> [Information provided]:
▬▬▬

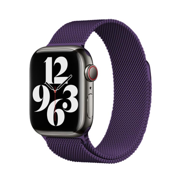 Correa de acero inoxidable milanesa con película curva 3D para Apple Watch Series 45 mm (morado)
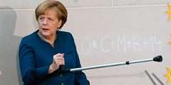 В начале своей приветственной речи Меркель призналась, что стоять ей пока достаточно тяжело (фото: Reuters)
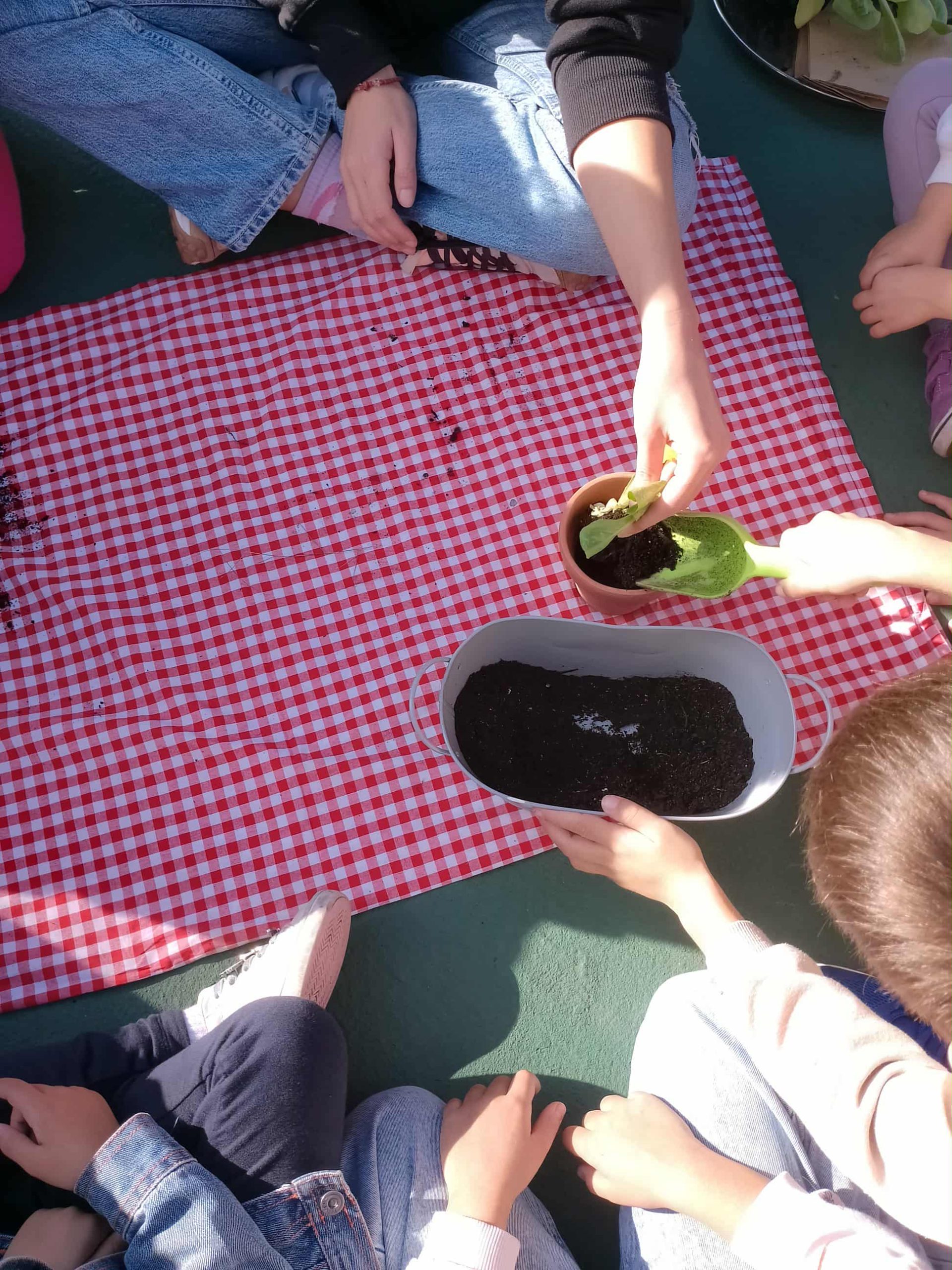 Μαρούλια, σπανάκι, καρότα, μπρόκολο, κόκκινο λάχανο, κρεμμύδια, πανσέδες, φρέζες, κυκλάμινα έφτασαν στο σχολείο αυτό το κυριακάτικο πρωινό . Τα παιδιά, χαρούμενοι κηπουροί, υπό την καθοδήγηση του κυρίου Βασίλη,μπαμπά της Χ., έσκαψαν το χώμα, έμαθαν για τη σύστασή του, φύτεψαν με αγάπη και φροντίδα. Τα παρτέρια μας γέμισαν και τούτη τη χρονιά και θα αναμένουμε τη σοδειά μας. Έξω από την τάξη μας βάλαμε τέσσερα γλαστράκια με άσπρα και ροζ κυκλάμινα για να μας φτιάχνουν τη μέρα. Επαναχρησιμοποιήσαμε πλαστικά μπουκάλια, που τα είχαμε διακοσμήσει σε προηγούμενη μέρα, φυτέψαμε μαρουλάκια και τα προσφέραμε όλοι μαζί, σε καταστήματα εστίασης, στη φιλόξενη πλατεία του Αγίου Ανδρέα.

▬▬▬

> [Instructions to follow]:
Write out again, exactly, the lines from the start of the listing up to the line containing "В начале своей", with both ends and without pictures.

> [Answer to this problem]:
 Correa de acero inoxidable milanesa con película curva 3D para Apple Watch Series 45 mm (morado)
 В начале своей приветственной речи Меркель призналась, что стоять ей пока достаточно тяжело (фото: Reuters)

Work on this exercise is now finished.